Nürnberg (dpa) - Eine schwierige Hinterlassenschaft der Nazi-Zeit ruht in den Regalen der Nürnberger Stadtbibliothek: Eine Sammlung von mehreren tausend Büchern, die sich mit dem Judentum beschäftigen oder früher Juden gehörten. Zusammengetragen hatten sie paradoxerweise die Nationalsozialisten selbst, nämlich der berüchtigte «Frankenführer» Julius Streicher und sein antisemitisches Hetzblatt «Der Stürmer». Im Internet suchen die Verantwortlichen der Stadtbibliothek jetzt nach den früheren Eigentümern der Bücher, die heute als «Raubgut» gelten.

Knapp 9000 Bände umfasst die bizarre Sammlung, berichtet Christine Sauer von der Abteilung Handschriften und Alte Drucke der Nürnberger Stadtbibliothek. Neben einem Komplex von mehr als 4000 Schriften zum Judentum «im weitesten Sinne» sowie zur Freimaurerei enthält sie 4500 Titel an Schöner Literatur in zahlreichen Sprachen.

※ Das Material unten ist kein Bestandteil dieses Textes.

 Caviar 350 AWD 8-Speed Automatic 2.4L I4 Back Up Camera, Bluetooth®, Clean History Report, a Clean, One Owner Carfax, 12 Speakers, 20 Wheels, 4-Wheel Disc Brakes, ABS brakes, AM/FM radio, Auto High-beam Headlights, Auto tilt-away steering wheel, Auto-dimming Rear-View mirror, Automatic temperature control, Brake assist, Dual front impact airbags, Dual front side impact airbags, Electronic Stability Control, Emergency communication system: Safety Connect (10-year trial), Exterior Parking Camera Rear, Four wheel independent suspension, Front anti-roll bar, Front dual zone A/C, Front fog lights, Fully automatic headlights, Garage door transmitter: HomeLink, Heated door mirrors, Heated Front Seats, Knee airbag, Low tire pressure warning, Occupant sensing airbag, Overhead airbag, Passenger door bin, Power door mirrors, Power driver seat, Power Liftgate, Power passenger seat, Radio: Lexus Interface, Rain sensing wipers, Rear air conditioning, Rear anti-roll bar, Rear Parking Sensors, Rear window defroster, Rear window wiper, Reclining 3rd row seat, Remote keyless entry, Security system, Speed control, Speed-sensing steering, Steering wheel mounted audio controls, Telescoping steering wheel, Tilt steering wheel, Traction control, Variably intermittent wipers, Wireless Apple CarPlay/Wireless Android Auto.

Soweit sich die seltsame Geschichte dieser Sammlung rekonstruieren lässt, waren die Bücher nach Kriegsende 1945 in den Redaktionsräumen des Hetzblattes «Der Stürmer» gefunden worden. Hinzu kamen Bücher aus dem Privatgut Pleikershof von Julius Streicher, der 1946 als Kriegsverbrecher hingerichtet wurde. Die amerikanische Militärregierung übergab die Bücher dem damaligen Bibliotheksdirektor. Erst 1993 identifizierte sich die israelitische Kultusgemeinde (IKG) Nürnberg als Eigentümer und berief sich auf eine mündliche Vereinbarung aus dem Jahr 1945. Im Jahr 2003 schließlich wurden diese Besitzverhältnisse schriftlich fixiert.

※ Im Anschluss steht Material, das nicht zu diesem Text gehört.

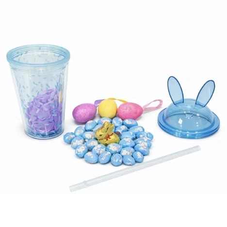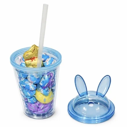 Make Easter extra special with this adorable bunny-ear treat cup, packed with delicious goodies and festive decorations. This clear reusable cup comes complete with a straw and cute bunny-ear lid, making it perfect for little ones to enjoy long after the treats are gone.

Die Sammelschwerpunkte entsprechen nach Sauers Angaben den im «Stürmer» behandelten Themen: Hetze gegen Juden, Freimaurer, «Bolschewisten» und die Kirche. «Hinweise nähren die Vermutung, dass die Büchersammlung als geistige Rüstkammer und Nachschlagebestand für die Kampagnen des 'Stürmers' benutzt wurden», erklärt die Bibliothekarin.

Der größte Teil der «Sammlung IKG», wie sie heute genannt wird, wurde nach 1957 katalogisiert. Mitte 1997 begann Leibl Rosenberg, ein Kenner des Judentums, mit der Katalogisierung der noch unerschlossenen 1200 Exemplare. In akribischer Kleinarbeit versuchte Rosenberg, Spuren von Vorbesitzern zu finden: Er forschte nach handschriftlichen Besitzeinträgen, Widmungen, Stempeln und Exlibris.

Die identifizierten Besitzeinträge werden nun im Internet weltweit zugänglich gemacht. Mit mehr als 800 Meldungen ist die Nürnberger Stadtbibliothek nach eigenen Angaben der größte Zuträger zur «Lost Art Internet Database» von Bund und Ländern (www.lostart.de). Diese seit 2001 existierende Datenbank soll der Dokumentation und Recherche von Kulturgütern dienen, die während der Nazi-Zeit verloren gingen.

Daneben bietet die Bibliothek seit kurzem die Möglichkeit, sämtliche Besitzvermerke in einem für das Internet freigeschalteten Katalog zu recherchieren (www.stadtbibliothek-nuernberg.de). «Hier können auch die nicht an Lost Art gemeldeten Bücher gefunden werden», erklärt Sauer. «Wir versuchen, möglichst viele Bücher an die Eigentümer zurückzugeben.»